As one of the most influential designers in fashion, you’d expect Marc Jacobs to embrace a hyper-visual, trend-making platform like Instagram. But at Vogue’s Forces of Fashion panel this week, the industry veteran revealed his true—and less than friendly—feelings about the platform to none other than the app’s creator, Kevin Systrom.

Sitting before an elite audience, Jacobs vented his frustration about the popular app, and how it impacts his work as a designer. “I got really pissed off, to be honest,” Jacobs said of what it had done to fashion shows. “I was frustrated that you were offering a live experience that you worked on for months, only to have everybody holding up an iPad or a phone and not actually looking at the models as the walked down the runway or not actually experiencing something live.”

Jacob’s banned devices from his show last February. “At the show last season, I insisted that the audience put away their devices for seven minutes,” he said. “All I was asking was for everyone to spend seven minutes without an electronic thing attached to their arms.” It was a decision that raised a few eyebrows, but one that Jacobs still stands by. “It turned out well, and I think it’s important to keep playing with those things,” the designer told the audience. It’s a view backed up by research: when people walk around art museums taking pictures, they remember the details of the paintings less.

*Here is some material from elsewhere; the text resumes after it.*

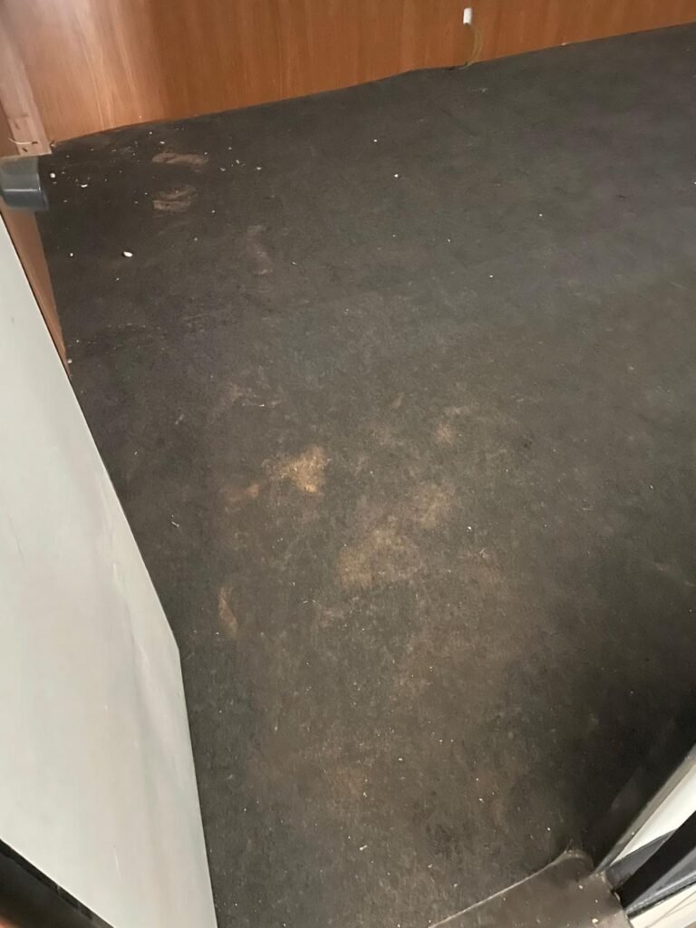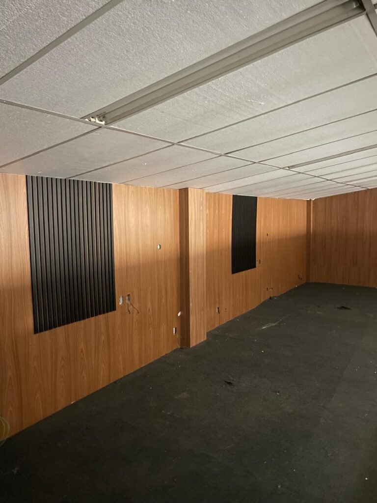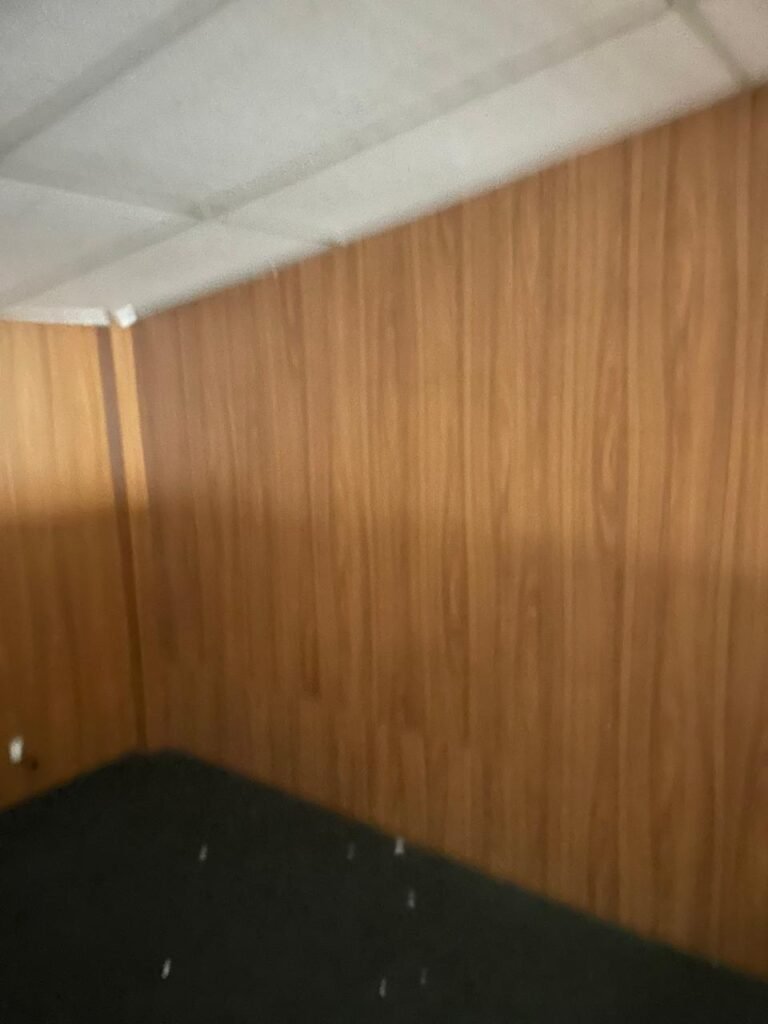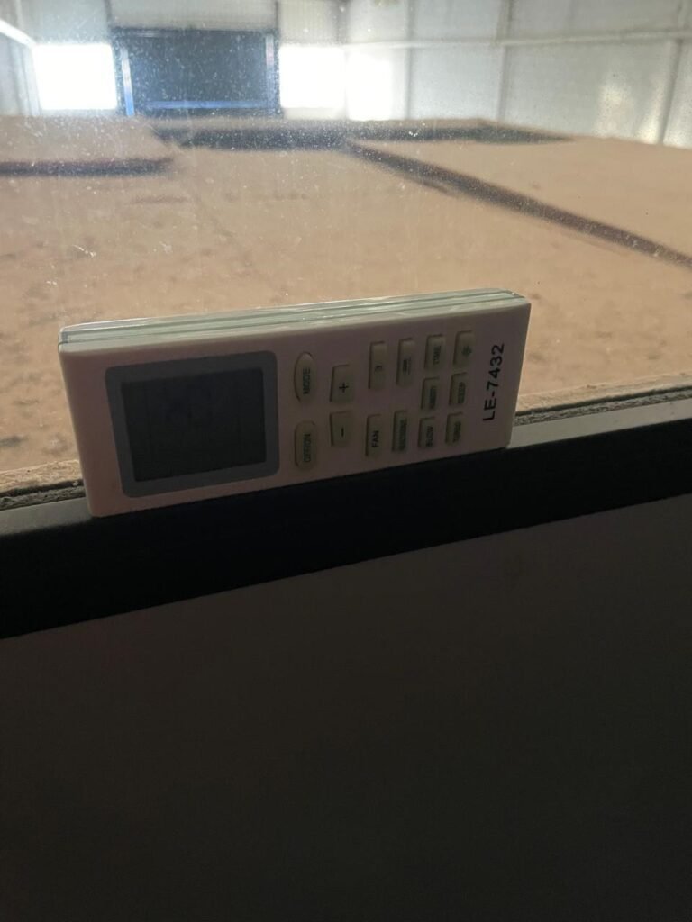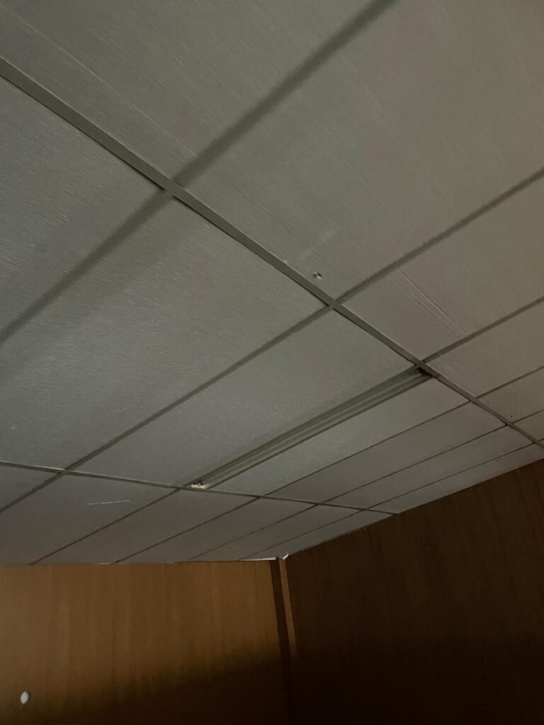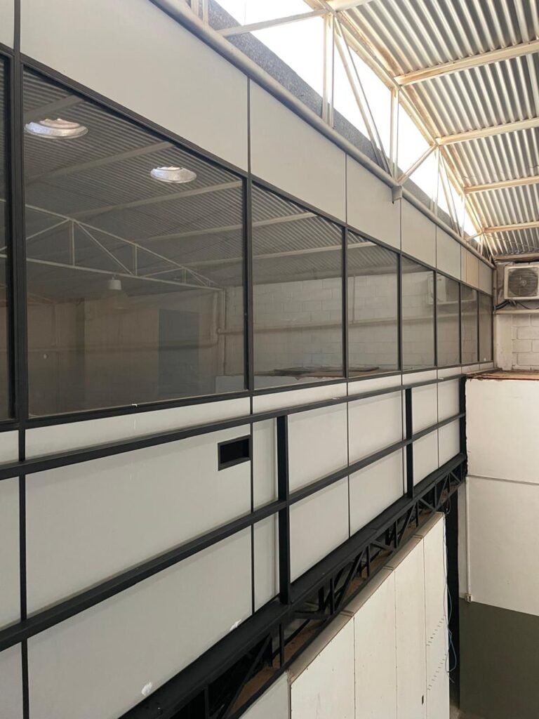 ESCRITÓRIO-: Porta social de divisórias com maçanetas com acabamento solto e com fechadura embutida em ordem, paredes de divisórias navais com desgastes natural e restante em ordem, com 108 vidros lisos transparentes Blindex em ordem, piso revestido de carpete de veludo e madeira, com desgastes naturais e com partes soltando, paredes revestidas de MDF em ordem, com buracos de instalações e fiações aparente, com 02 interruptores não testados, 02 painéis de MDF na cor preto em ordem, 02 ar condicionado marca Gree não testado, 01 controle remoto de ar condicionado não testado, teto com forro rebaixado com placas de isopor térmico com desgastes naturais, 03 luminárias duplas com 02 lâmpadas tubulares fluorescentes em cada não testadas.

As technology continues to insert itself into our daily lives, designers, comedians and other creative types are taking charge by setting strict, but understandable boundaries, at their events. Comedian Dave Chapelle signed with Yondr, a company specializing in phone locking pouches, to prevent his audiences from leaking his material online. He later justified the decision to Jimmy Kimmel: “It became a thing where I’d walk on stage, I’d see a sea of cellphones,” he said. “I knew that anything in the room, I was saying to everybody, whether they were in the room or not, which is not an empowering feeling as a comedian.” Or, for Jacobs, as a designer.